Institute for Medical Informatics, Statistics and Epidemiology, University of Leipzig, Härtelstr. 16-18, D-04107 Leipzig, Germany.
Biostatistics. 2013 Jan;14(1):129-43. doi: 10.1093/biostatistics/kxs030. Epub 2012 Sep 6.
Signal identification in large-dimensional settings is a challenging problem in biostatistics. Recently, the method of higher criticism (HC) was shown to be an effective means for determining appropriate decision thresholds. Here, we study HC from a false discovery rate (FDR) perspective. We show that the HC threshold may be viewed as an approximation to a natural class boundary (CB) in two-class discriminant analysis which in turn is expressible as the FDR threshold. We demonstrate that in a rare-weak setting in the region of the phase space where signal identification is possible, both thresholds are practicably indistinguishable, and thus HC thresholding is identical to using a simple local FDR cutoff. The relationship of the HC and CB thresholds and their properties are investigated both analytically and by simulations, and are further compared by the application to four cancer gene expression data sets.

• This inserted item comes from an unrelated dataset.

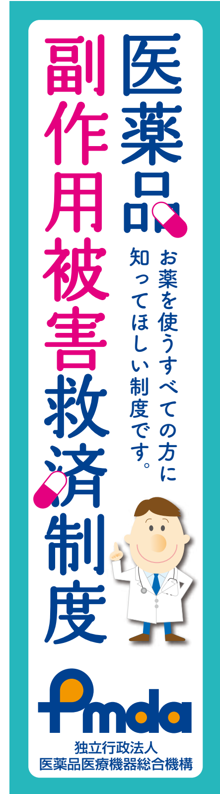
④ワイドスカイスクレイパー / 左右 160pix × 天地 600pix

在生物统计学中,大维度环境下的信号识别是一个具有挑战性的问题。最近,高阶批评(HC)方法已被证明是确定适当决策阈值的有效手段。在这里,我们从错误发现率(FDR)的角度来研究 HC。我们表明,HC 阈值可以看作是二类判别分析中自然类边界(CB)的近似值,而自然类边界(CB)又可以表示为 FDR 阈值。我们证明,在信号识别可能的相位空间区域的稀有-微弱环境中,这两个阈值在实践中是无法区分的,因此 HC 阈值与使用简单的局部 FDR 截止值相同。通过分析和模拟研究了 HC 和 CB 阈值的关系及其性质,并通过对四个癌症基因表达数据集的应用进行了进一步比较。